3 Answers from Attorneys

Terry A. Nelson Nelson & Lawless

You should have checked the details yourself, and should have read the title company's paperwork at the time, not four years later. You are passed the three year statute of limitation on any case of fraud, and probably passed the four year statute for breach of contract type claims on the sellers and brokers. You could make a claim on the title company if they had made a mistake, but it sounds like you simply didn't read their disclosures of the true facts.

Read more
Answered on 7/26/10, 6:02 pm
Bryan Whipple Bryan R. R. Whipple, Attorney at Law

I would look high and low for the cause of this discrepancy before filing a suit or claim (unless necessary to protect a statute of limitations). It MAY have resulted from a mistake, but there is also a significant possibility that the change resulted from another cause. Let me give you a few examples to highlight the great range of reasons why this might happen.

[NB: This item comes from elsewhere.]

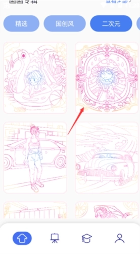 梦境生成器提供了多个类别的未上色线稿,用户可以从中挑选并进行上色,从而创作出色彩丰富的作品。
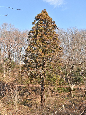 どんぐり畑に立つスギ。高さは15mくらいあります。ここ数年で樹勢が衰えてきたような感じです。

The first is that in many places postal addresses differ from political boundary based addresses. Not far down the road from me are ranches that are two or three miles from the village of Tomales and in Marin County, as is Tomales. However, the Tomales post office has no letter carriers or trucks, but there is an RFD delivery truck out of Petaluma, which is 17 miles away in Sonoma County, that goes right by these ranches. Most of the ranchers would rather not go into the Tomales P.O. every day to pick up mail from a box they would have to pay to rent, so they voluntarily elect to have Petaluma mailing addresses even though that seemingly puts them in another county. Something like this may be going on in your community too; I think postal addresses are a poor and unreliable indicator of where you are for tax-paying and voting purposes.

Another possible reason is that your property may have been in an unincorporated part of X County at one time, with local choice and custom being to receive mail through addresses using the name of nearby Ritzyville. Then, Poortown, on the other hillside, annexes the unincorporated territory, making it part of Poortown, an incorporated past of County X.

A third possibility, not too different, is from real life. A client lived in an unincorporated part of Contra Costa County and had a Walnut Creek address, although not in Walnut Creek. The post office built a new P.O. in nearby Alamo, a more upscale town, I'm told. Although the client and her neighbors were still in the unincorporated part of the county, and not part of either Walnut Creek or Alamo, they successfully convinced the U.S.P.S. to re-arrange their delivery routes to serve their homes from the newly-expanded Alamo post office, and happily adopted the ritzier address.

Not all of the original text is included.